═════ Materials provided ═════
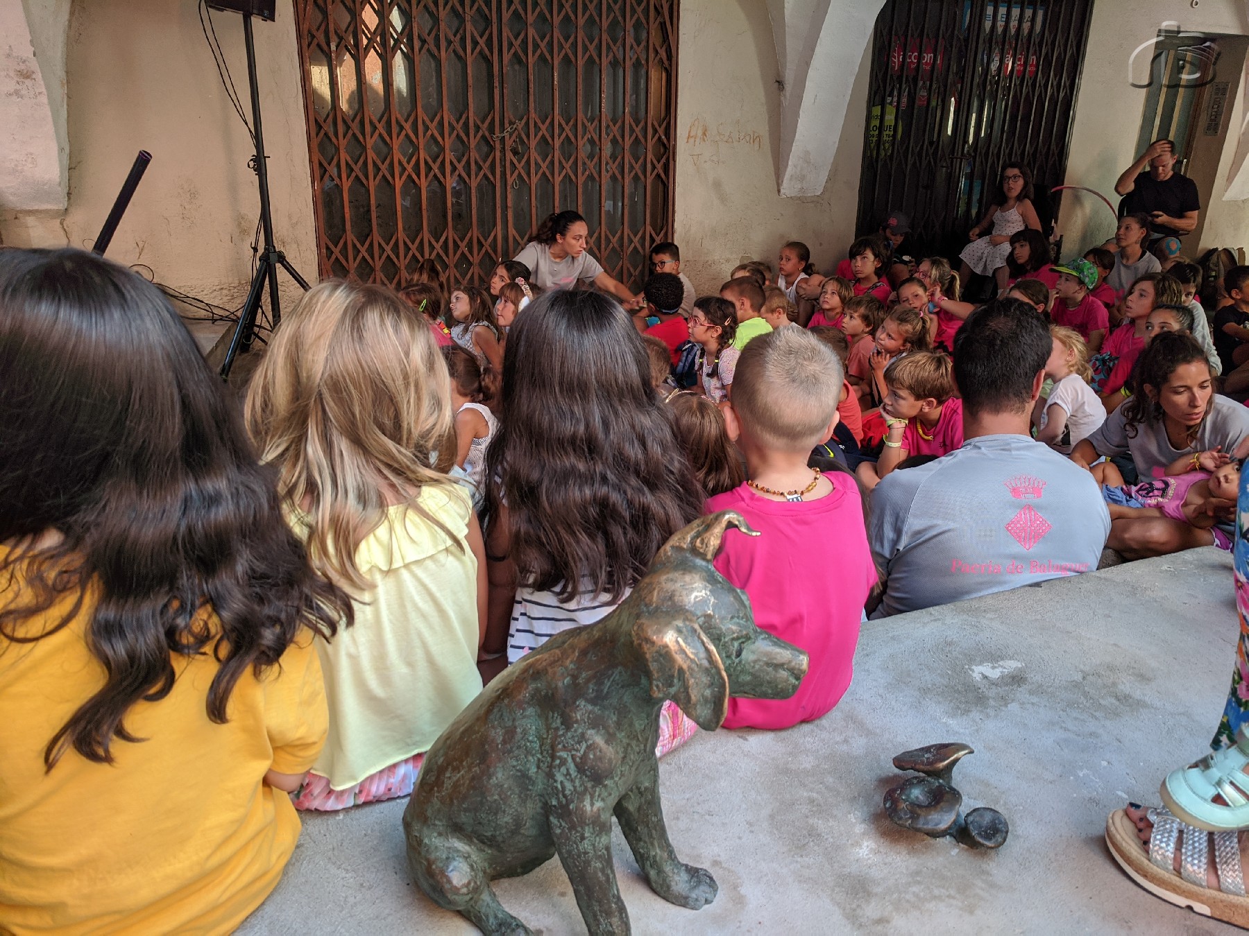 Precisament l'activitat s'ha dut a terme a la plaça del Pou, on està ubicat el famós gos Rovelló, i protagonista del llibre de l'escriptor Josep Vallverdú, que també ha assistit. La sessió de contacontes estava adreçada als usuaris de les estades d'estiu.
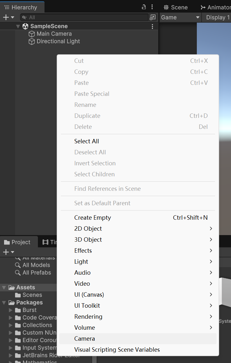 层级中-》鼠标右键-》Camera 这就是Unity的摄像机点击后就可在场景内创建一个摄像机对象
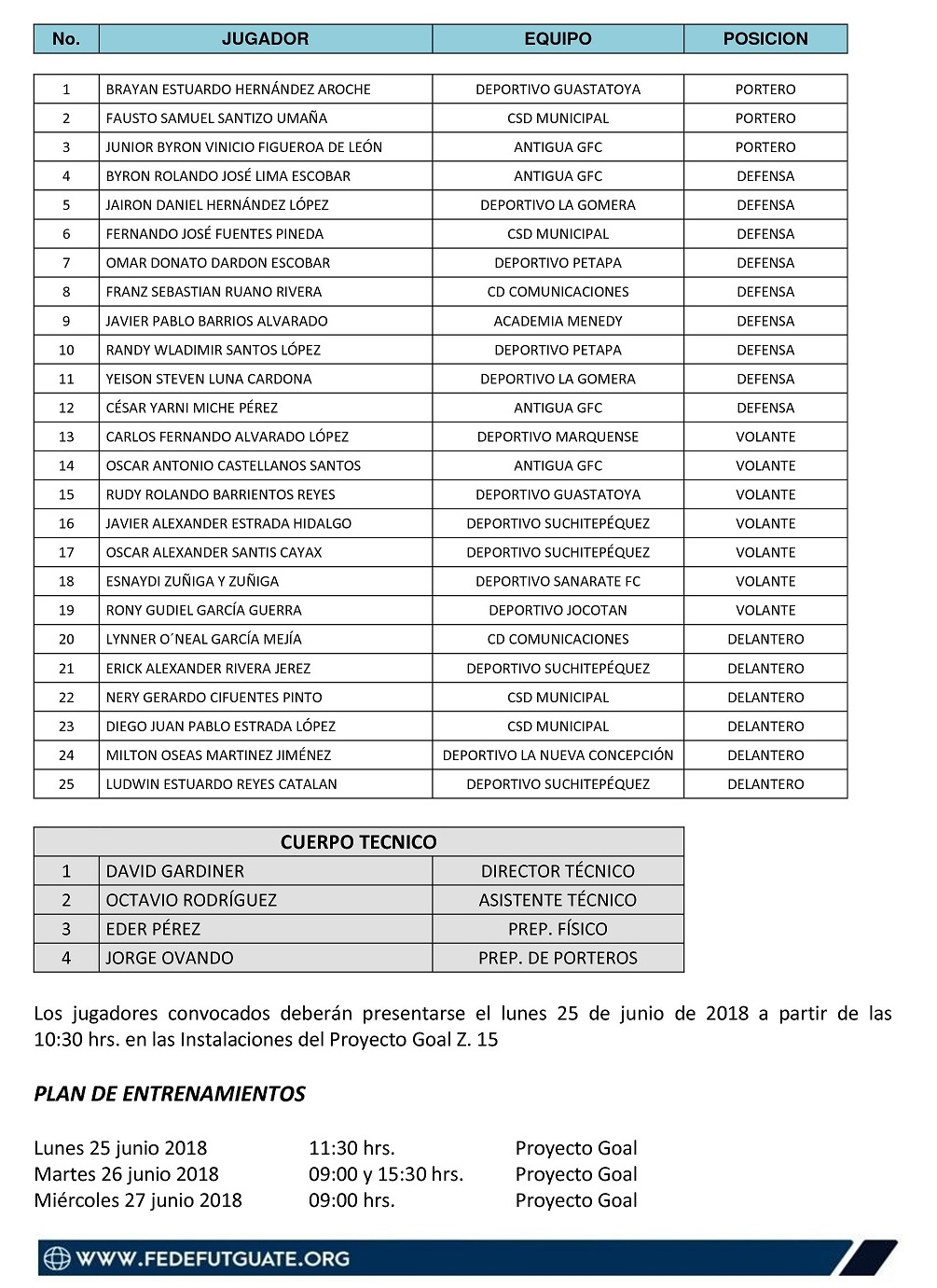 Guatemala, 21 de junio de 2018. Bajo la Dirección Técnica del Prof. David Gardiner, la Selección Sub 20 de Guatemala, dará inicio la próxima semana a un nuevo proceso de preparación y entrenamientos con miras a futuras competencias internacionales.
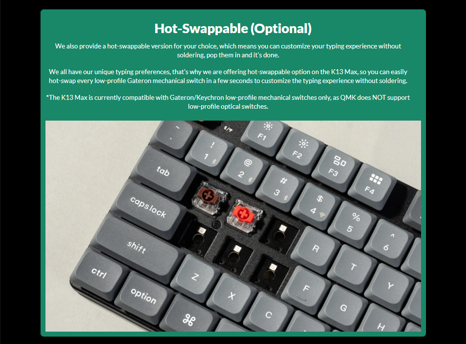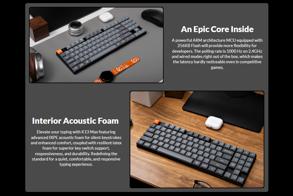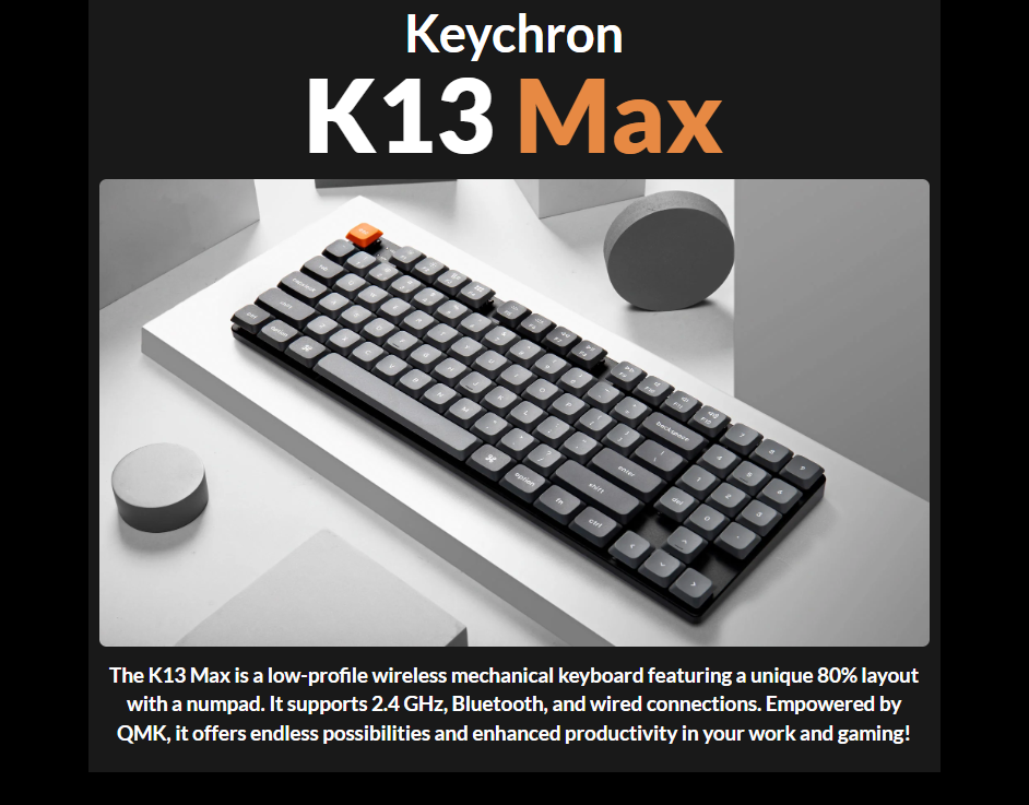 Home/COMPUTER ACCESSORIES/ COMPONENTS/KEYBOARD/Keychron K13 Max QMK/VIA Wireless Custom Mechanical Keyboard Keychron K13 Max QMK/VIA Wireless Custom Mechanical KeyboardRM 440.00 Form Factor: Compact 84-key layout (75% size) with a sleek, space-saving design. Connectivity: Tri-mode connectivity: Bluetooth 5.1, 2.4GHz wireless, and USB-C wired. Supports up to 3 devices via Bluetooth for seamless switching. QMK/VIA Support: Fully programmable with QMK firmware and VIA software for custom key mapping, macros, and lighting effects. Switch Options: Hot-swappable sockets (5-pin) for easy switch customization. Compatible with a wide range of mechanical switches (Keychron optical or Gateron mechanical switches). Keycaps: Double-shot PBT keycaps for durability and resistance to shine. macOS and Windows layouts included. Battery Life: Built-in 4000mAh rechargeable battery. Up to 200 hours of usage (wireless, backlight off) on a single charge. Backlighting: RGB backlighting with multiple lighting effects and customization via QMK/VIA. Build Quality: Aluminum frame for a premium feel and durability. Adjustable feet for ergonomic typing angles. Compatibility: Works with Windows, macOS, Linux, iOS, and Android. Additional Features: N-key rollover (NKRO) for precise and accurate typing/gaming. Includes a USB-C to USB-A cable, 2.4GHz wireless dongle, and keycap/switch puller. SKU: N/A Categories: COMPUTER ACCESSORIES/ COMPONENTS, KEYBOARD Switches Choose an optionRedBrownClear Keychron K13 Max QMK/VIA Wireless Custom Mechanical Keyboard quantity Add to cart Description Additional information Reviews (0) Weight N/A Dimensions N/A Switches Red, Brown Reviews There are no reviews yet. Be the first to review “Keychron K13 Max QMK/VIA Wireless Custom Mechanical Keyboard”Cancel ReplyYour email address will not be published. Required fields are marked *Your rating * Rate… Perfect Good Average Not that bad Very poor Name *Email *Your review * Save my name, email, and website in this browser for the next time I comment. Submit Related products Razer Seiren Mini – Portable Mini Mic (RZ19-03450100-R3M1) RM 180.00 Add to cart ORICO 2189U3 2.5 inch USB3.0 Hard Drive Enclosure RM 27.90 Add to cart Razer Kiyo – Streaming Camera (RZ19-02320100-R3M1) RM 450.00 Add to cart SOLD OUTAsus B150M-A/M.2 6th Generation 1151 Socket Motherboard RM 370.00 Read more
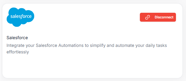 You will be navigated back to the Integration page, and your Salesforce account will be successfully connected.
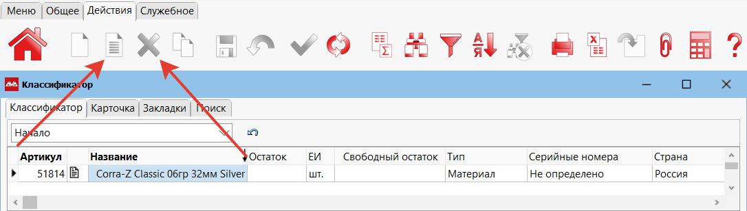 Копировать карточку. Этот пункт позволяет скопировать только карточку артикула. При копировании записи через Действия → Копировать запись скопируются: карточка артикула, дерево, цены и техоперации.
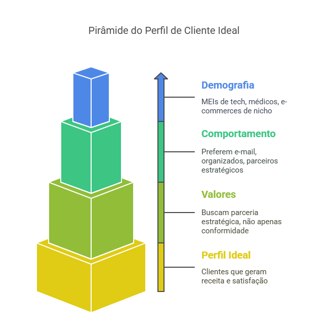 Um perfil de cliente ideal bem desenhado vai além do “MEI de São Paulo”. Ele captura o mindset de quem vê seu escritório como um trampolim para o próximo nível.
═════
The answer must be the lines above from the line that contains "Копировать карточку. Этот" to the final line of the data, word for word, with no pictures.

 Копировать карточку. Этот пункт позволяет скопировать только карточку артикула. При копировании записи через Действия → Копировать запись скопируются: карточка артикула, дерево, цены и техоперации.
 Um perfil de cliente ideal bem desenhado vai além do “MEI de São Paulo”. Ele captura o mindset de quem vê seu escritório como um trampolim para o próximo nível.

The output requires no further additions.